Once the final audit report is released for issue, the Lead Auditor should forward a dated copy to the Auditee, Audit Client, and other stakeholders as necessary.

5.2.3. Step 3 – Implement corrective/preventive actions

After the final Audit Report has been issued, the Auditee should record non-conformance, observations, and (where specified in the audit objectives) recommended corrective and preventive actions.

Observations should be managed as follows:

  1. The Lead Auditor should review the corrective and preventive actions planned by the Auditee to ensure that they appropriately address the non-conformances raised. In the event that these are unacceptable, the Lead Auditor should contact the Auditee to agree an acceptable course of action.
  2. The Auditee should keep the Audit branch informed of the status of the progress of corrective and preventive actions.
5.2.4. Step 4 – Audit follow-up

The completion and effectiveness of corrective and preventive actions for identified non-conformances should be verified. This can be completed in a number of ways, for example the follow up could be:

  1. Part of the current audit;
  2. A separate task; or
  3. Integrated within the next appropriate audit.
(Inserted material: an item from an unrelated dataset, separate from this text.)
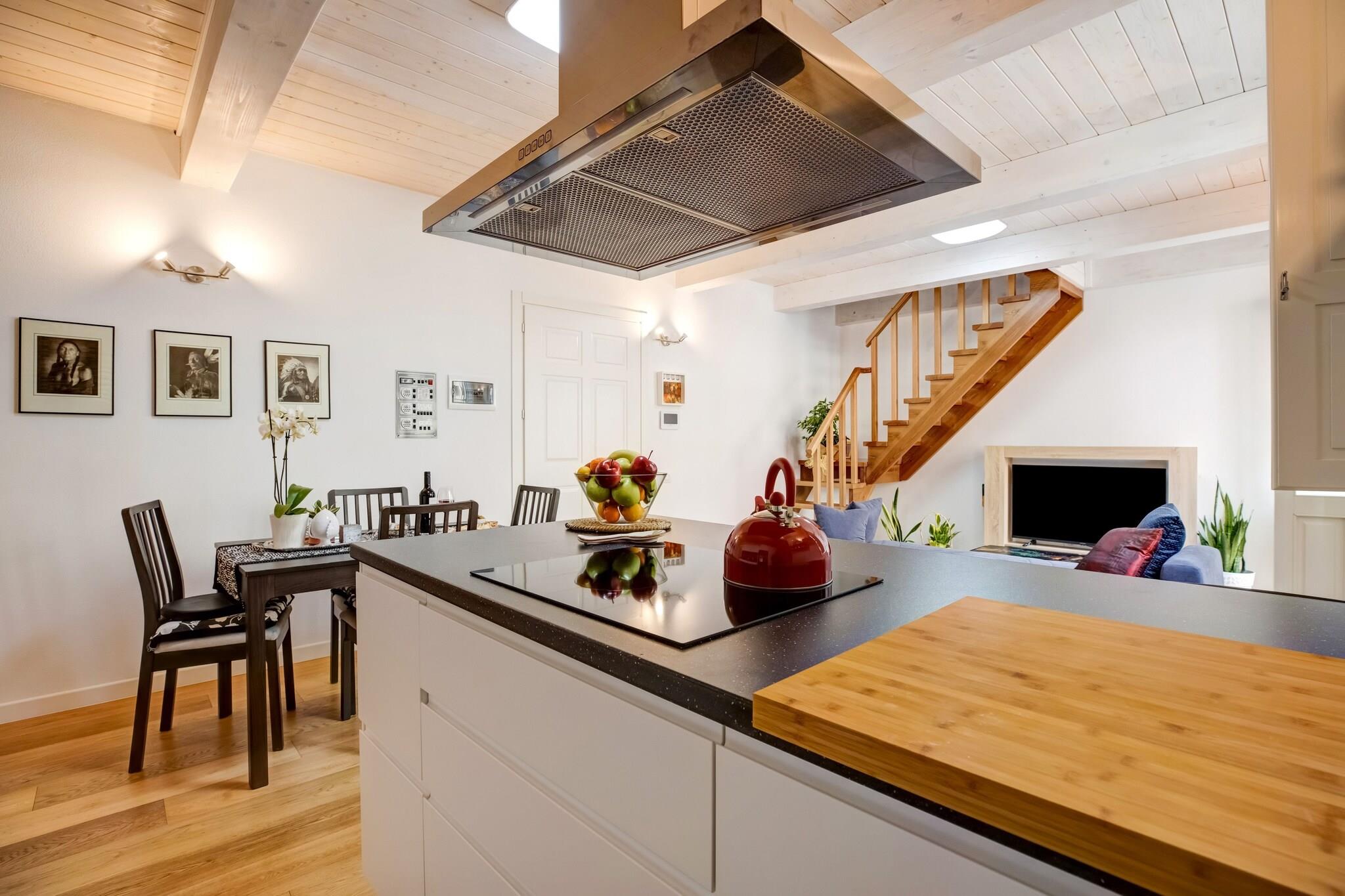 På 1. etage: (åbent køkken(kogeplade(induktion), elkedel, brødrister, emhætte, kaffemaskine, espressomaskine, ovn, mikrobølgeovn, opvaskemaskine , køle-fryseskab, klimaanlæg, Saftpresser, Blender, Stavblender), stue / spisestue(dobbeltsovesofa(140 x 200 cm), Fjernsyn, spisebord, klimaanlæg), soveværelse(king size-seng(160 x 200 cm), tørretumbler, klimaanlæg), badeværelse(bruser, håndvask, bidet, vaskemaskine), klimaanlæg) Parasol, barnestol, strygejern, føntørrer, hyggespil, crib(free)

The results of the verification should be filed with the Audit Report. On completion of the follow-up tasks, the Lead Auditor will arrange for a copy of the non-conformance close out report to be sent to the Auditee and any other persons to whom the original audit report was sent.
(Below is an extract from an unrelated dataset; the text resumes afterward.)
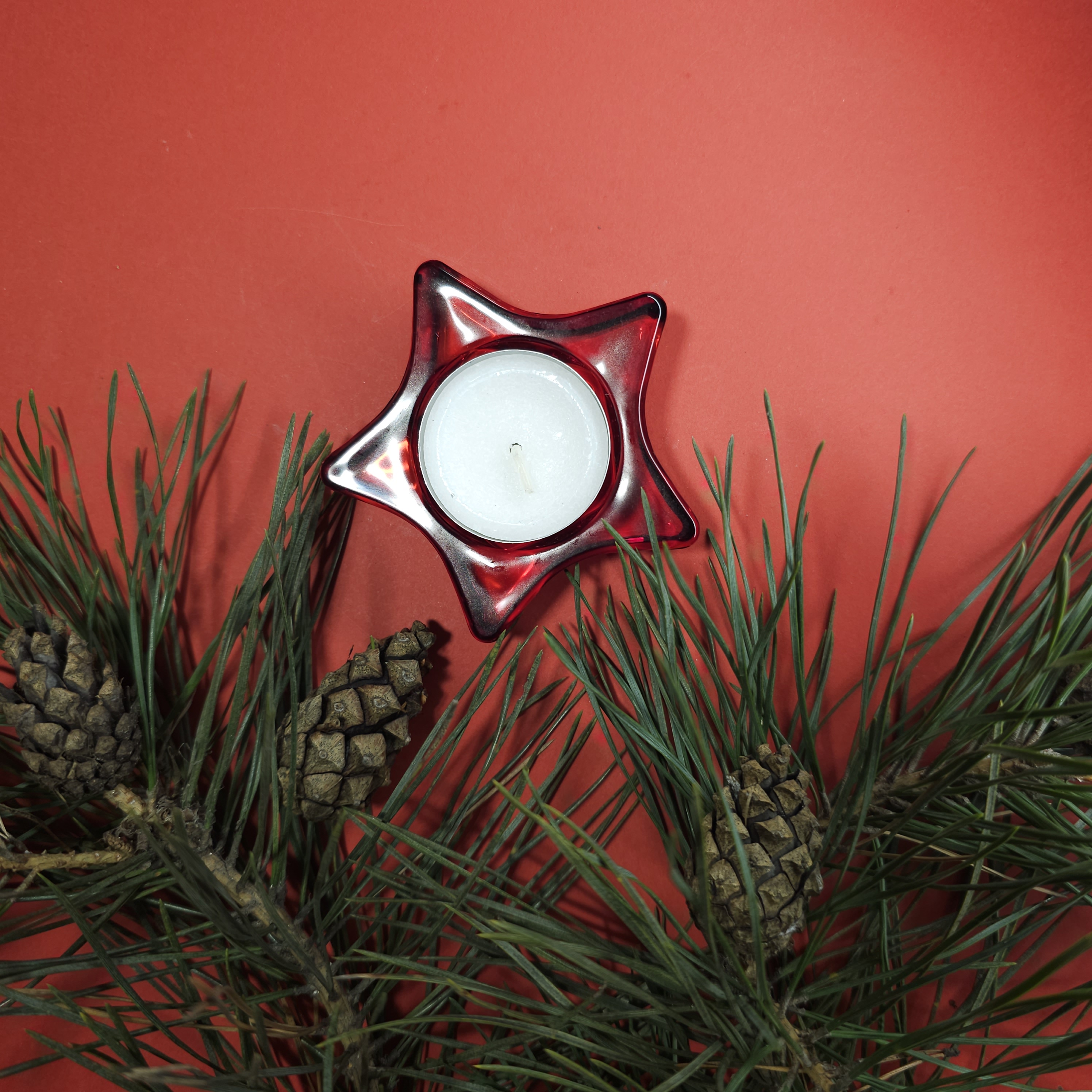 Святкові аксесуари: - Скляний підсвічник у формі зірки з маленькою свічкою — створює теплу, чарівну атмосферу - Дерев’яна ялинкова прикраса — маленький штрих, який додає дому різдвяного настрою

5.2.5. Step 5 – File audit records

Documents pertaining to the audit should be retained or destroyed in accordance with the management system(s) record procedure(s) and applicable statutory, regulatory and contractual requirements. Note the report forms part of the safety case evidence that supports the procured equipment.  

5.2.6. Step 6 – Audit schedule review and update

On completion of Step 5 above, the Audit Schedule should be reviewed and where necessary modified.

5.3. Responsibilities

5.3.1. Procedure Management and Procedure Completion

The Lead Auditor is responsible for ensuring that this procedure is managed and completed. The Lead Auditor may delegate tasks to members of the Audit Team in regards to the management and completion of this procedure but retains overall responsibility.

5.4. When

This procedure should be conducted once the audit fieldwork phase has been completed.

5.5. Required Inputs

  1. Audit Plan;
  2. Audit Checklists;
  3. Non-conformance and Corrective Action Form(s), if relevant (partly complete);
  4. Team’s documentation relevant to the audit;
  5. Audit meeting records.

5.6. Required Outputs

  1. Audit Report (based on an approved Audit Report Template);
  2. Non-conformance and Corrective Action Form(s), if relevant – (fully completed).

5.7. Version Control

5.7.1. Version from 2.3 to 3.0 Uplift

Major uplift from the Acquisition System Guidance (ASG) to online version. POEMS has undergone major revision. Refer to the POEMS Transition Document for details.